About this task —
What you need to produce from the material below is an exact transcription of the lines from the one with "The town of" through the one with "Portal com arco", both included, and no other line.

Material for this task —
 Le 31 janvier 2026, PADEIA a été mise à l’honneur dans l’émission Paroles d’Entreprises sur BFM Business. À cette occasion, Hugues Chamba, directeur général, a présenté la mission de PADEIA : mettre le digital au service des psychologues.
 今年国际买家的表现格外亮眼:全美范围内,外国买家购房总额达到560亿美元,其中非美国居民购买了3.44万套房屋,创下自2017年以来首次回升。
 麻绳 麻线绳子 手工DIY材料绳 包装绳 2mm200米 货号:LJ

--

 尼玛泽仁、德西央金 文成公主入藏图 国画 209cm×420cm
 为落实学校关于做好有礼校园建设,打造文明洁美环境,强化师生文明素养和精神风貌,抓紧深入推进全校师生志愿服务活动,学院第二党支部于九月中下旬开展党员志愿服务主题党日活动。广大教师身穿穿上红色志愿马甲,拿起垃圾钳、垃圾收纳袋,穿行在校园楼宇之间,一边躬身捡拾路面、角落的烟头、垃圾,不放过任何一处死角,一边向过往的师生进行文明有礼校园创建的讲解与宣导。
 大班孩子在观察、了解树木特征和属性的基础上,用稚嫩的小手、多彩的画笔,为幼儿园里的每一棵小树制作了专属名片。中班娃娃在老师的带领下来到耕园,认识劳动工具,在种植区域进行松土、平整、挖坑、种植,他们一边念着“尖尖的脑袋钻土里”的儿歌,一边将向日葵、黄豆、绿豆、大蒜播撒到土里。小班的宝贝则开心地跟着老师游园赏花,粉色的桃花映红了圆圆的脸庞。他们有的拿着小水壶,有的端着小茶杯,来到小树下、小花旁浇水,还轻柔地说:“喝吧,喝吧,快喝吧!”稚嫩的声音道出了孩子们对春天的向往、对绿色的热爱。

* * *

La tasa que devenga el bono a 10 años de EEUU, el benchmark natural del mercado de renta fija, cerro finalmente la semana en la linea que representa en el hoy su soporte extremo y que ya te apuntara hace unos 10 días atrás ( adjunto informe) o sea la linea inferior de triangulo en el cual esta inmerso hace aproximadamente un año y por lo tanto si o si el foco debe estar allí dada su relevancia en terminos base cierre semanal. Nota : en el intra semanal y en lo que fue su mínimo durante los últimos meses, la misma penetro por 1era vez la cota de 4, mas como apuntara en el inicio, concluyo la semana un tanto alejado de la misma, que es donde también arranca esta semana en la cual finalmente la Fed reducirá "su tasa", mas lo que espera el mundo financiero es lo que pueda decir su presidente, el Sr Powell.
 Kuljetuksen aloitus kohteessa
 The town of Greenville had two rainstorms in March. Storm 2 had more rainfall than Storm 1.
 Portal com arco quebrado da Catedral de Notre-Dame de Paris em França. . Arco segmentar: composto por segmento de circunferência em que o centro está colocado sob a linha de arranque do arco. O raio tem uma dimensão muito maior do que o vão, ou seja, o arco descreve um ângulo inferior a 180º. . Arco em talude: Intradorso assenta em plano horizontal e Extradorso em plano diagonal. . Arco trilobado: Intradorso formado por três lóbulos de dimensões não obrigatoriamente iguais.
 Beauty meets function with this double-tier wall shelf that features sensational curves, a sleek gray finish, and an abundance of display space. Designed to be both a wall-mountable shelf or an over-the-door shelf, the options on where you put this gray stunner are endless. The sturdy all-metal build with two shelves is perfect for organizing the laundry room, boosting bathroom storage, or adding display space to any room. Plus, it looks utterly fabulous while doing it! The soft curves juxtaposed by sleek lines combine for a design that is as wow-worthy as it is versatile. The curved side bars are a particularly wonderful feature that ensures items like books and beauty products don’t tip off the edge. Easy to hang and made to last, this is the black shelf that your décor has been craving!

Answer to this exercise —
 The town of Greenville had two rainstorms in March. Storm 2 had more rainfall than Storm 1.
 Portal com arco quebrado da Catedral de Notre-Dame de Paris em França. . Arco segmentar: composto por segmento de circunferência em que o centro está colocado sob a linha de arranque do arco. O raio tem uma dimensão muito maior do que o vão, ou seja, o arco descreve um ângulo inferior a 180º. . Arco em talude: Intradorso assenta em plano horizontal e Extradorso em plano diagonal. . Arco trilobado: Intradorso formado por três lóbulos de dimensões não obrigatoriamente iguais.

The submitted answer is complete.